ULASAN FILM

“Rich Flu”: Ketika Kekayaan Menjadi Ancaman


menit

menit

/

Dalam beberapa tahun terakhir, dunia menyaksikan ketimpangan ekonomi yang semakin nyata. Pandemi, perubahan iklim, dan krisis geopolitik telah memperlihatkan bagaimana uang bisa menjadi tameng sekaligus beban. Namun, bagaimana jika justru kekayaan yang selama ini dianggap sebagai perlindungan berubah menjadi ancaman terbesar? Film Rich Flu hadir dengan gagasan unik dan provokatif: sebuah virus misterius yang hanya menjangkiti para orang kaya, menciptakan kepanikan global yang membalikkan tatanan sosial secara drastis.

Di tengah maraknya film bertema bencana dan epidemi, Rich Flu menawarkan pendekatan yang belum pernah dieksplorasi sebelumnya. Jika kebanyakan cerita menggambarkan pandemi sebagai ancaman bagi semua manusia tanpa pandang bulu, film ini justru membalik konsep tersebut: hanya mereka yang memiliki kekayaan yang terancam nyawa. Ide ini membuka ruang diskusi tentang bagaimana dunia menilai kekayaan dan ketimpangan sosial.

Sutradara Galder Gaztelu-Urrutia, yang sebelumnya sukses dengan The Platform, kembali mengangkat isu ketidakadilan ekonomi dalam konteks yang lebih luas. Dalam sebuah wawancara, ia mengatakan: “Saya ingin mempertanyakan hubungan kita dengan uang. Bagaimana jika sesuatu yang selama ini kita anggap sebagai simbol kekuatan malah menjadi sumber ketakutan terbesar kita?” Pernyataan ini merangkum dengan tepat pesan utama film: bahwa kekayaan tidak selalu berarti keamanan, dan dalam kondisi ekstrem, uang bisa kehilangan seluruh nilainya.

Film ini mengikuti perjalanan Laura (Mary Elizabeth Winstead), seorang eksekutif kaya yang sedang menuju puncak sukses dalam industri film.

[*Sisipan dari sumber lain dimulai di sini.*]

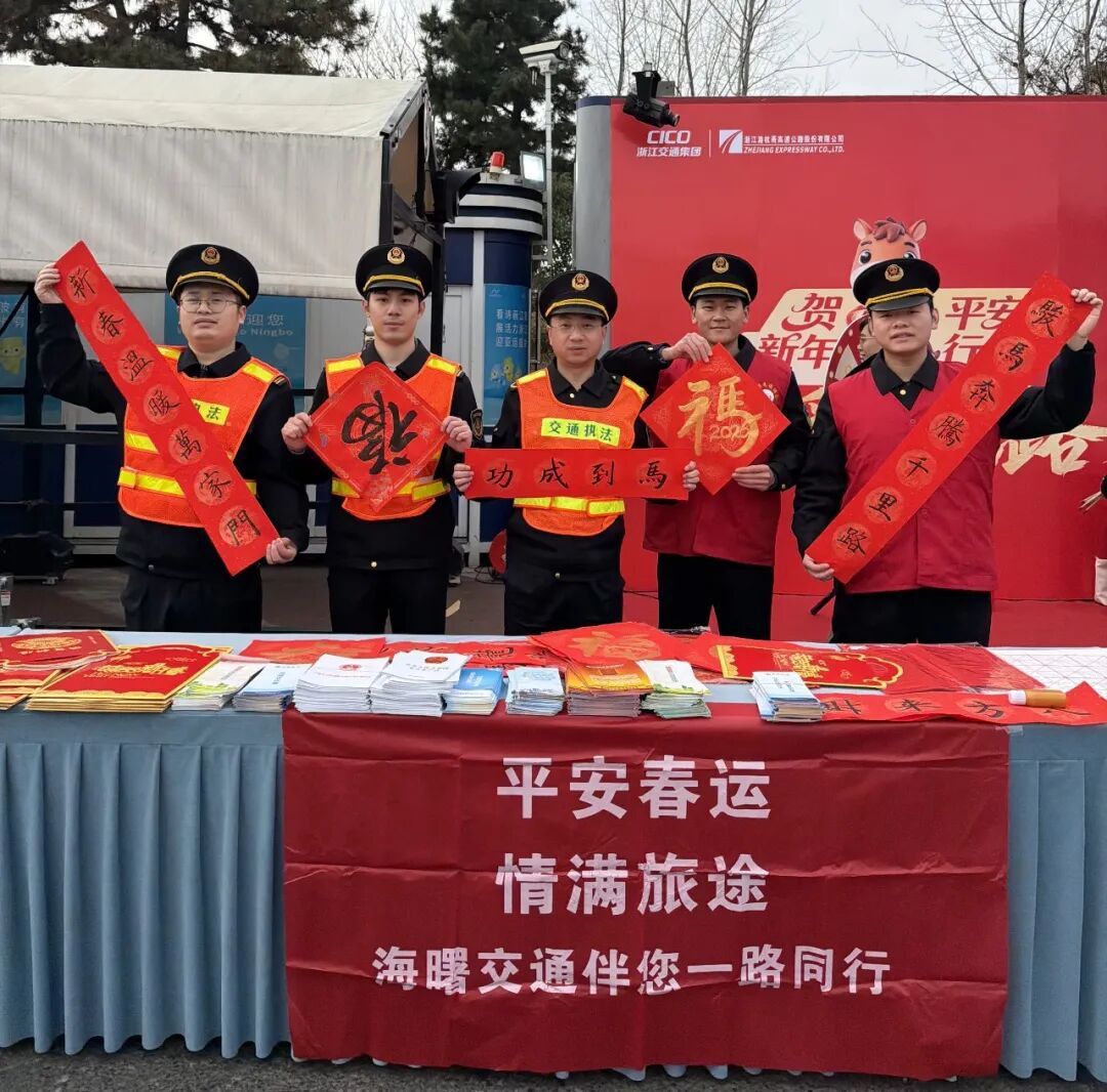 为营造安全有序的交通运输环境,保障人民群众平安出行,海曙区交通执法队以“一路同行”党建品牌为引领,提前部署谋划,联动公安交警部门在杭甬高速宁波出入口全力开展“护航春运”专项行动。此次春运首日专项行动不仅温暖了旅途,也切实筑牢了交通安全防线。截至当日,累计出动执法人员44余人次。

Namun, ketika virus misterius mulai menyerang para miliarder, dunia tiba-tiba berubah. Para taipan berlomba-lomba menjual aset mereka dengan harapan bisa menyelamatkan diri, menciptakan kekacauan ekonomi global. Harga saham anjlok, perusahaan raksasa runtuh, dan dalam hitungan minggu, kekayaan yang dulu dipuja berubah menjadi momok menakutkan.

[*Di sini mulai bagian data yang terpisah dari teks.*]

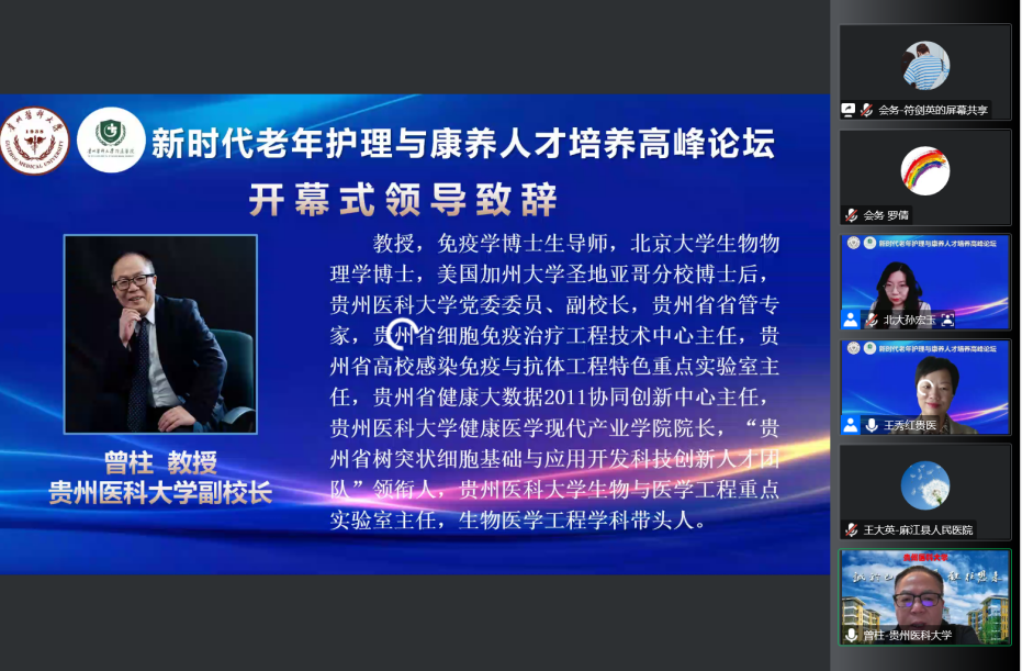 论坛开幕式上,kaiyun开云官方网站党委委员、副校长曾柱教授代表学校对论坛的召开表示热烈祝贺,对参会专家表示热烈欢迎和感谢,介绍了kaiyun开云官方网站历史沿革和发展现况,同时对贵医人立足贵州、服务全国、面向世界,充分发挥医教研优势,致力于医疗卫生人才培养和助力基层卫生服务和老年护理人才培养等工作做了概括性介绍。

Laura, yang awalnya menganggap dirinya aman, segera menyadari bahwa virus tersebut terus menyebar ke orang-orang yang masih memiliki kekayaan dalam jumlah besar. Bersama suaminya, Tony (Rafe Spall), dan putri mereka, Anna (Dixie Egerickx), ia dihadapkan pada pilihan sulit: melepaskan seluruh harta mereka atau mempertaruhkan nyawa. Dalam perjalanannya, ia bertemu dengan Sebastian Snail (Timothy Spall), seorang pria yang menawarkan perspektif baru tentang kehidupan tanpa uang—sebuah konsep yang sebelumnya tidak pernah terpikirkan oleh Laura.

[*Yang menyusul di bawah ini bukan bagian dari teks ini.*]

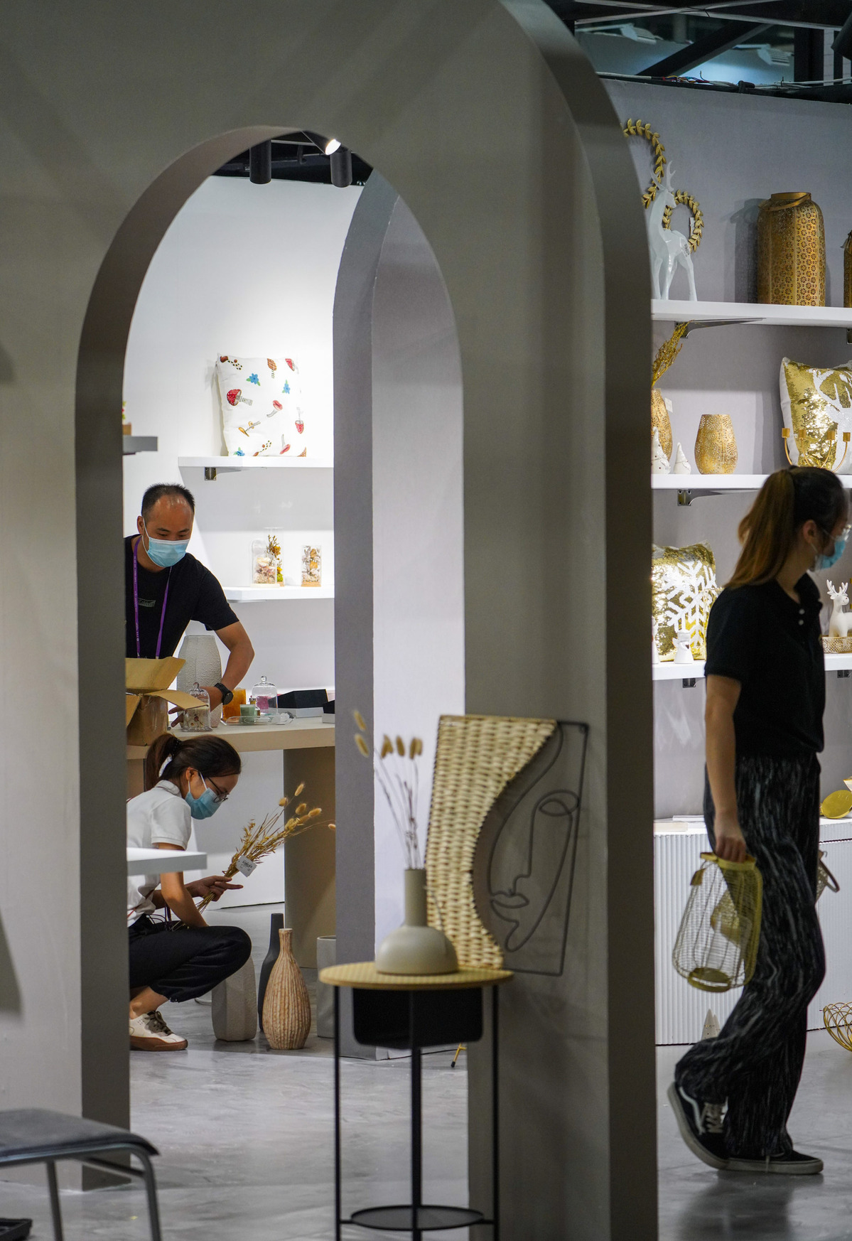 Staff members lay out exhibits at the exhibition center that is going to host the 130th session of the China Import and Export Fair in Guangzhou, South China's Guangdong province. [Photo/Xinhua]

Ketika sistem ekonomi dunia mulai runtuh, individu-individu kaya yang tersisa dipaksa untuk menanggalkan status mereka. Mereka yang pernah berada di puncak rantai sosial kini menjadi buronan, mencari perlindungan di tempat-tempat yang sebelumnya mereka anggap “tidak layak”. Di sinilah film ini menjadi semakin intens, menggambarkan bagaimana perubahan drastis dalam tatanan dunia dapat menggiring seseorang ke dalam krisis identitas dan moral.

Lebih dari sekadar thriller psikologis, Rich Flu mengajukan pertanyaan mendasar tentang nilai uang dalam kehidupan manusia. Bagaimana jika kekayaan yang selama ini menjadi kebanggaan justru menjadi penyebab kehancuran seseorang? Apakah seseorang tetap memiliki identitasnya jika semua asetnya diambil? Film ini memaksa penonton untuk merenungkan hubungan mereka sendiri dengan materi, dan apakah kita benar-benar bisa bertahan tanpa sistem ekonomi yang selama ini kita anggap sebagai pilar utama kehidupan.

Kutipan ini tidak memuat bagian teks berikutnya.